- [TRY IT]: Search the material below for lines containing the string "Springer", and copy every one you find.

- [DATA EXCERPTS]:
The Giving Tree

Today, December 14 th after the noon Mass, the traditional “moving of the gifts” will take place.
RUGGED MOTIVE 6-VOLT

==

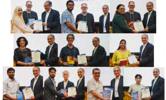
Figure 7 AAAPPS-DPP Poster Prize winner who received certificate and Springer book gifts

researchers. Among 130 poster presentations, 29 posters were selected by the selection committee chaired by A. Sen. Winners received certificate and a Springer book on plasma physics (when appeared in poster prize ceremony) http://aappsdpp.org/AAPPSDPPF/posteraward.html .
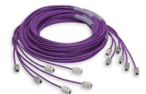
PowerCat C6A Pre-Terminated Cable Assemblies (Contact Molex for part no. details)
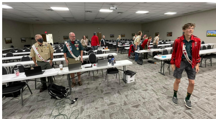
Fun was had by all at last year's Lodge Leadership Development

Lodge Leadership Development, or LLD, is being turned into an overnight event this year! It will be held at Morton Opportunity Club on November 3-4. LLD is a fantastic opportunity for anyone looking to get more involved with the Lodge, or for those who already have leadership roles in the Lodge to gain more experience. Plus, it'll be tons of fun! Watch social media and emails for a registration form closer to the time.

- [SOLUTION TO THE EXERCISE]:
Figure 7 AAAPPS-DPP Poster Prize winner who received certificate and Springer book gifts
researchers. Among 130 poster presentations, 29 posters were selected by the selection committee chaired by A. Sen. Winners received certificate and a Springer book on plasma physics (when appeared in poster prize ceremony) http://aappsdpp.org/AAPPSDPPF/posteraward.html .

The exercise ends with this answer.